Directions for this task
Begin with the opening line of the records and extract each line through the one holding "Entramos muy rápido"; pictures are not part of the copy.

Given information below:

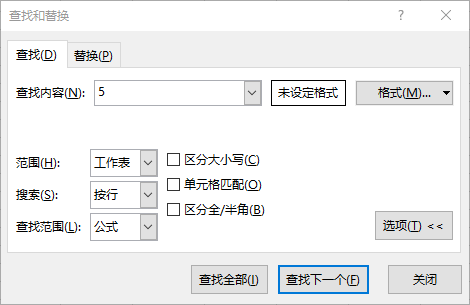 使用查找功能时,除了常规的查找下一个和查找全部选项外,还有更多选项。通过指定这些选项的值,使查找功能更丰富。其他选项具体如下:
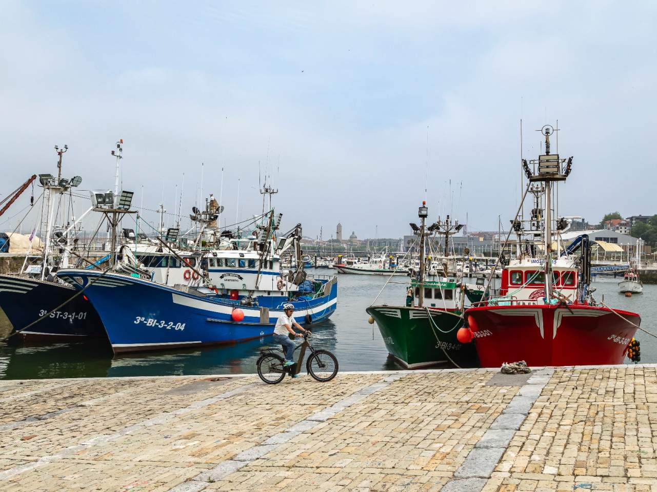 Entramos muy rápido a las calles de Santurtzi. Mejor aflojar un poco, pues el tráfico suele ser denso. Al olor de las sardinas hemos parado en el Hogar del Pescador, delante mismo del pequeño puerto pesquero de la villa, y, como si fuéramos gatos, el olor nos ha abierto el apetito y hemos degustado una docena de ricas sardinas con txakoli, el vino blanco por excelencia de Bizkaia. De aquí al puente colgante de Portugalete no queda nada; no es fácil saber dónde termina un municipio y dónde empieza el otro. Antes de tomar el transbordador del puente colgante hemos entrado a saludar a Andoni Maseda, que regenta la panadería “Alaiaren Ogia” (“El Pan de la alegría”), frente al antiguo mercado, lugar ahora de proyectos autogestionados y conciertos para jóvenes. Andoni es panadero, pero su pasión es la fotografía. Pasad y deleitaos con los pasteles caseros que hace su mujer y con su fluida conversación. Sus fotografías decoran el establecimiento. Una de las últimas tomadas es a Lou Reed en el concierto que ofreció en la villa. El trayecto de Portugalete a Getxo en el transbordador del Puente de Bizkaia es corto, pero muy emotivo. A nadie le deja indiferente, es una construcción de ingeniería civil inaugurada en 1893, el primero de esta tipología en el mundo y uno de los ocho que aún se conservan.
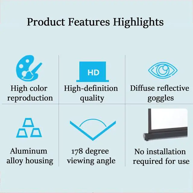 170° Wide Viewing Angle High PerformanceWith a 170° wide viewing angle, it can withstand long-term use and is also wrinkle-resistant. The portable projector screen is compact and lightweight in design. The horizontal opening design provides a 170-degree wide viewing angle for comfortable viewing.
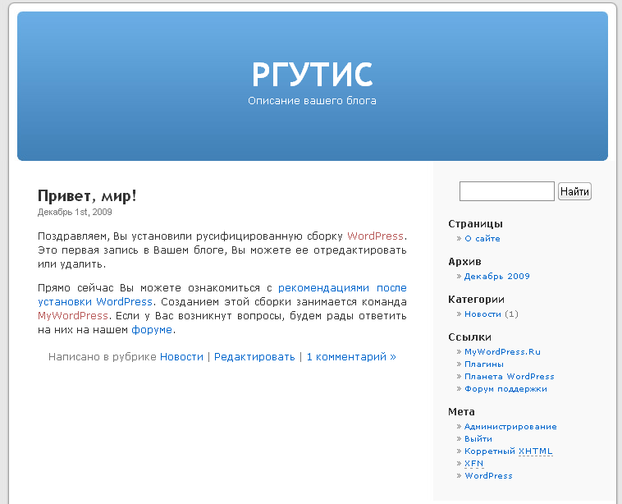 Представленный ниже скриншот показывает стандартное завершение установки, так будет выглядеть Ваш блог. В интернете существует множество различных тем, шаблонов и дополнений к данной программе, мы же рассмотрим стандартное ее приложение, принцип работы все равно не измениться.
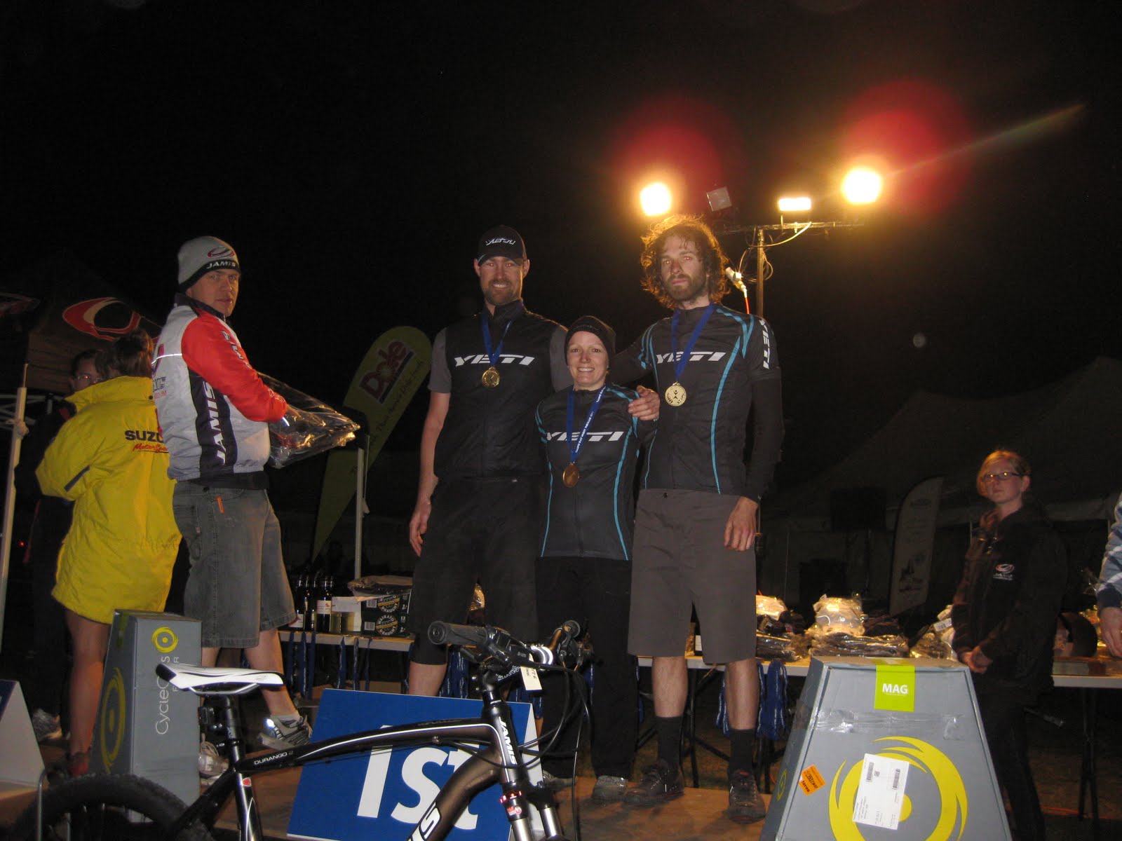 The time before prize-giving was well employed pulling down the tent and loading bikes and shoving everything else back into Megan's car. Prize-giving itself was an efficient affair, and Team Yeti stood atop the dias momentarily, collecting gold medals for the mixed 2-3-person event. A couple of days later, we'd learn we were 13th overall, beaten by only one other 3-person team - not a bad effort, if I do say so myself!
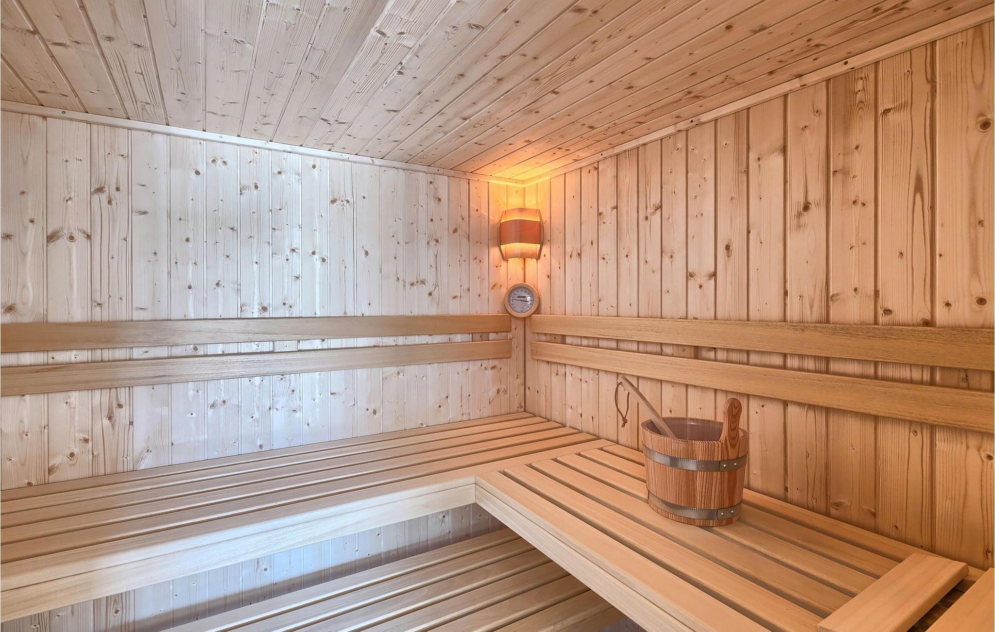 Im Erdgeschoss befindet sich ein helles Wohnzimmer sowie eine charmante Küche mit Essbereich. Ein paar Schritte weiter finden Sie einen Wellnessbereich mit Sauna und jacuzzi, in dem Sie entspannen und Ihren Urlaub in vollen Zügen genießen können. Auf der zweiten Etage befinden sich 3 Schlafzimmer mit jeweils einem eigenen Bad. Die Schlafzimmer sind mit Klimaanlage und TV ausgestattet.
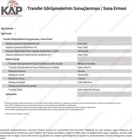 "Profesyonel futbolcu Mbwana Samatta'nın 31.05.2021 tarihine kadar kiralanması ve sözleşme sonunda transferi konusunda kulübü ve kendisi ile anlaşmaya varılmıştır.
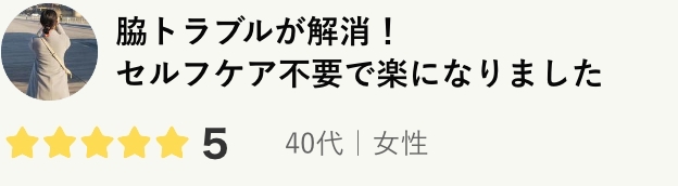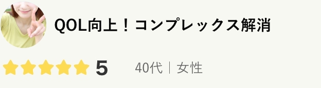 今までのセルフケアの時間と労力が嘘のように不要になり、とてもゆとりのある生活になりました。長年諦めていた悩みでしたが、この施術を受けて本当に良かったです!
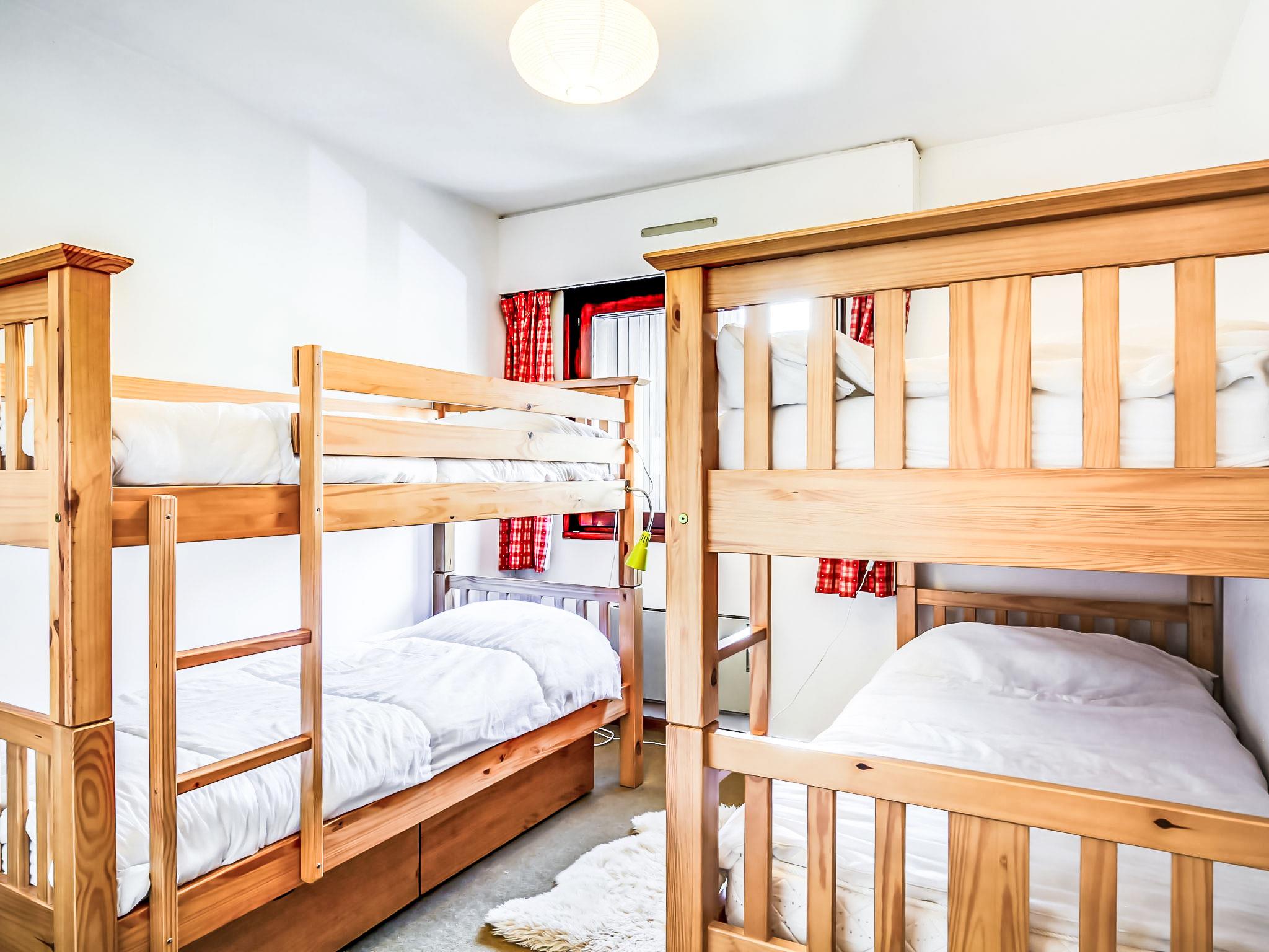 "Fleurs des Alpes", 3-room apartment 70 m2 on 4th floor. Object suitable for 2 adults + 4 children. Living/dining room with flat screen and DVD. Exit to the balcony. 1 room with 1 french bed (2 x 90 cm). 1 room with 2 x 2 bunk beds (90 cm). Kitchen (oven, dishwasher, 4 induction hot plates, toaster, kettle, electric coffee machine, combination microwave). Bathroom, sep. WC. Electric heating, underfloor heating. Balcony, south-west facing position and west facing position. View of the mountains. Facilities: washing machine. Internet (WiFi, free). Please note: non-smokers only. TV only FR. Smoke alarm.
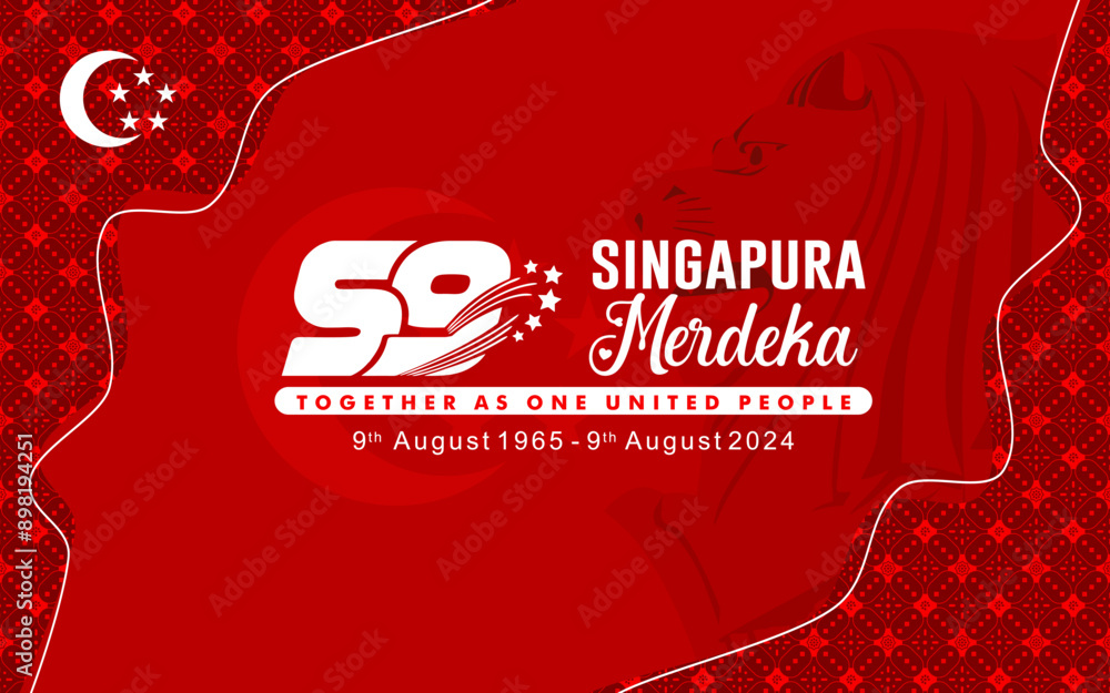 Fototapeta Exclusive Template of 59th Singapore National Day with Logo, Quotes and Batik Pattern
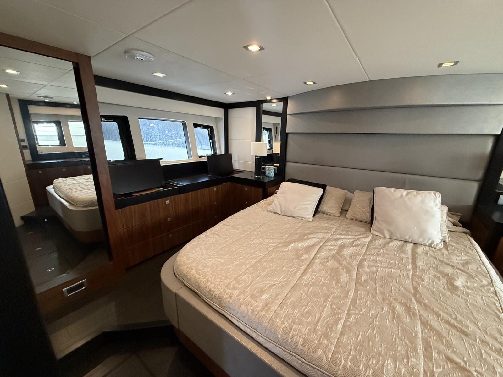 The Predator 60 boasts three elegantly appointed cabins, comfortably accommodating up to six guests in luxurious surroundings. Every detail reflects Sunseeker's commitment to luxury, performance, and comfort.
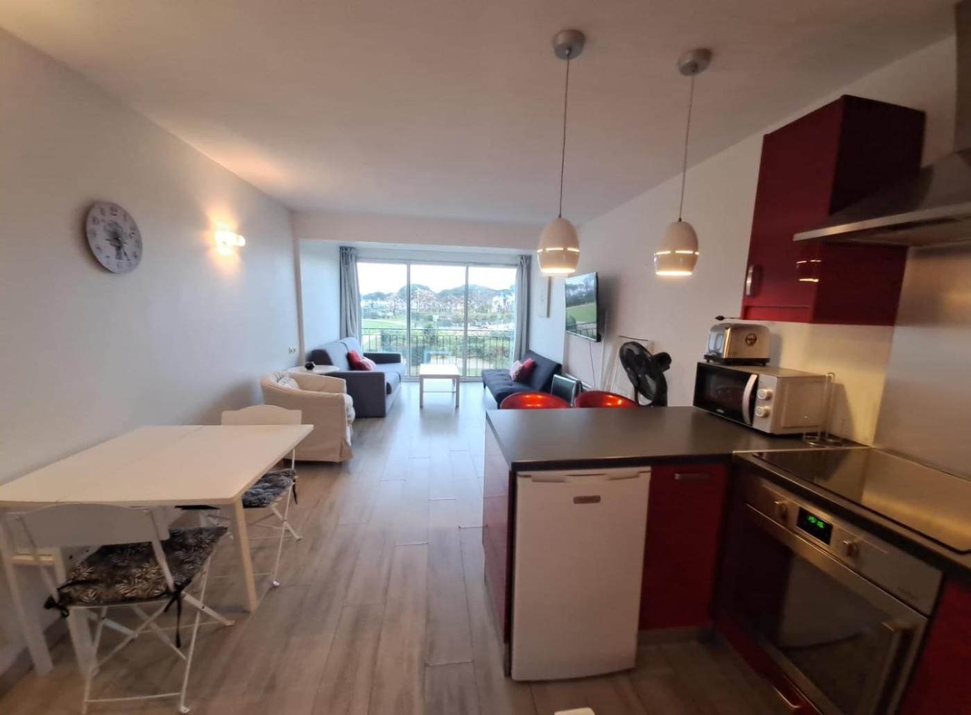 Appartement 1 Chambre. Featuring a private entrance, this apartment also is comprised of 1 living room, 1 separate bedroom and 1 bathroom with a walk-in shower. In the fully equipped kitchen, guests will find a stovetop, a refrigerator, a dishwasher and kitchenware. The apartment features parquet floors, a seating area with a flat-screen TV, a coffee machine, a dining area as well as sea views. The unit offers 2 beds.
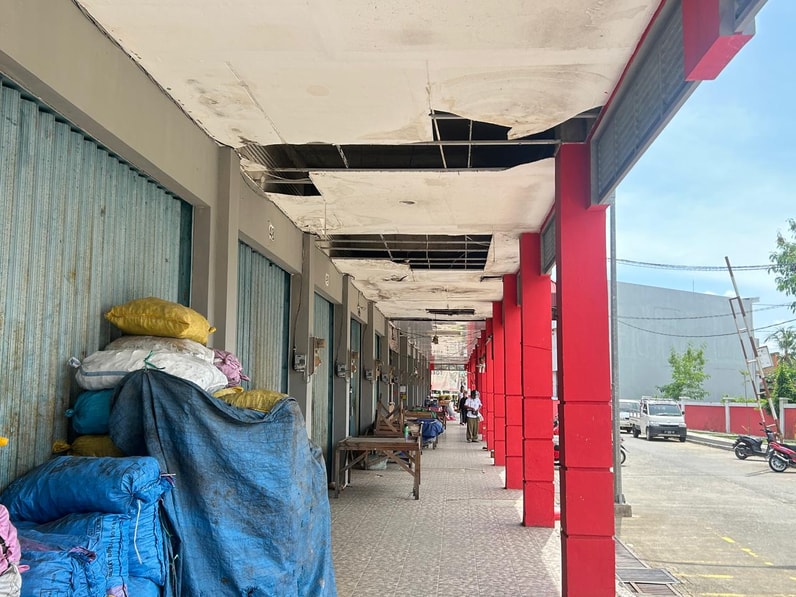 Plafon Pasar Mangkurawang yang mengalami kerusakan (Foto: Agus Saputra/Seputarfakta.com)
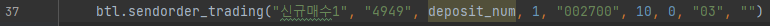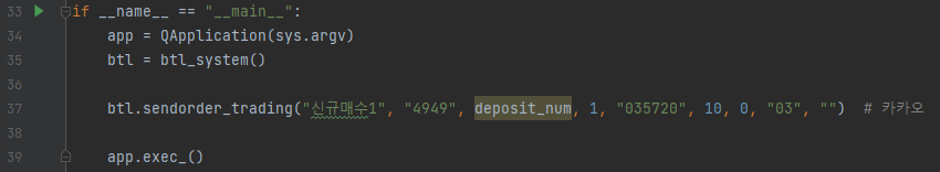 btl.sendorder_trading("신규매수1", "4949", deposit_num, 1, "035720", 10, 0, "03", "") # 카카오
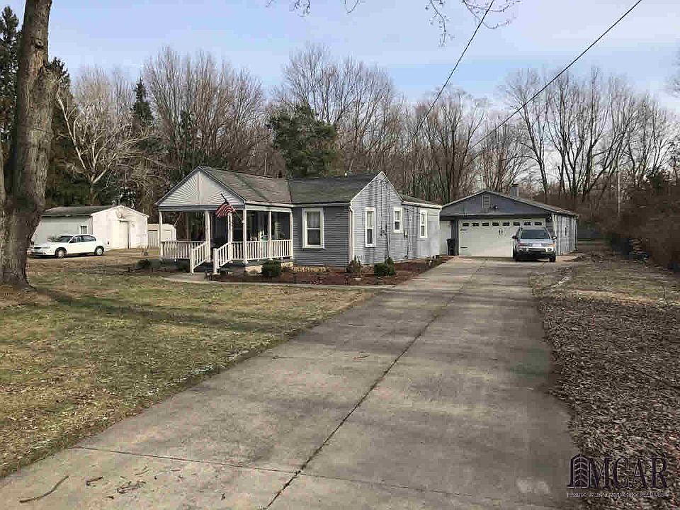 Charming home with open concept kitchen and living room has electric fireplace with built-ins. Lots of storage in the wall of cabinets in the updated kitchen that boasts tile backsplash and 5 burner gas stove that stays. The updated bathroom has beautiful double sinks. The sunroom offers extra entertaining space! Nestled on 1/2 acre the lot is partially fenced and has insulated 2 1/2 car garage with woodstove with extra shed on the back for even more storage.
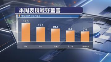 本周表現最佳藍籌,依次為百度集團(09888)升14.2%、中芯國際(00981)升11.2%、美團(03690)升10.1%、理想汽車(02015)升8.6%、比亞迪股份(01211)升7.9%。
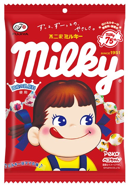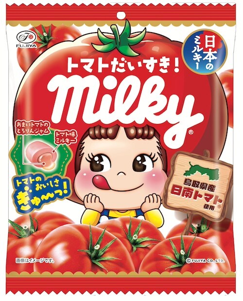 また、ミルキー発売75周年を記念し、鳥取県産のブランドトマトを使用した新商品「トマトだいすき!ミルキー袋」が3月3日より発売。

End of Given information.

Response
 使用查找功能时,除了常规的查找下一个和查找全部选项外,还有更多选项。通过指定这些选项的值,使查找功能更丰富。其他选项具体如下:
 Entramos muy rápido a las calles de Santurtzi. Mejor aflojar un poco, pues el tráfico suele ser denso. Al olor de las sardinas hemos parado en el Hogar del Pescador, delante mismo del pequeño puerto pesquero de la villa, y, como si fuéramos gatos, el olor nos ha abierto el apetito y hemos degustado una docena de ricas sardinas con txakoli, el vino blanco por excelencia de Bizkaia. De aquí al puente colgante de Portugalete no queda nada; no es fácil saber dónde termina un municipio y dónde empieza el otro. Antes de tomar el transbordador del puente colgante hemos entrado a saludar a Andoni Maseda, que regenta la panadería “Alaiaren Ogia” (“El Pan de la alegría”), frente al antiguo mercado, lugar ahora de proyectos autogestionados y conciertos para jóvenes. Andoni es panadero, pero su pasión es la fotografía. Pasad y deleitaos con los pasteles caseros que hace su mujer y con su fluida conversación. Sus fotografías decoran el establecimiento. Una de las últimas tomadas es a Lou Reed en el concierto que ofreció en la villa. El trayecto de Portugalete a Getxo en el transbordador del Puente de Bizkaia es corto, pero muy emotivo. A nadie le deja indiferente, es una construcción de ingeniería civil inaugurada en 1893, el primero de esta tipología en el mundo y uno de los ocho que aún se conservan.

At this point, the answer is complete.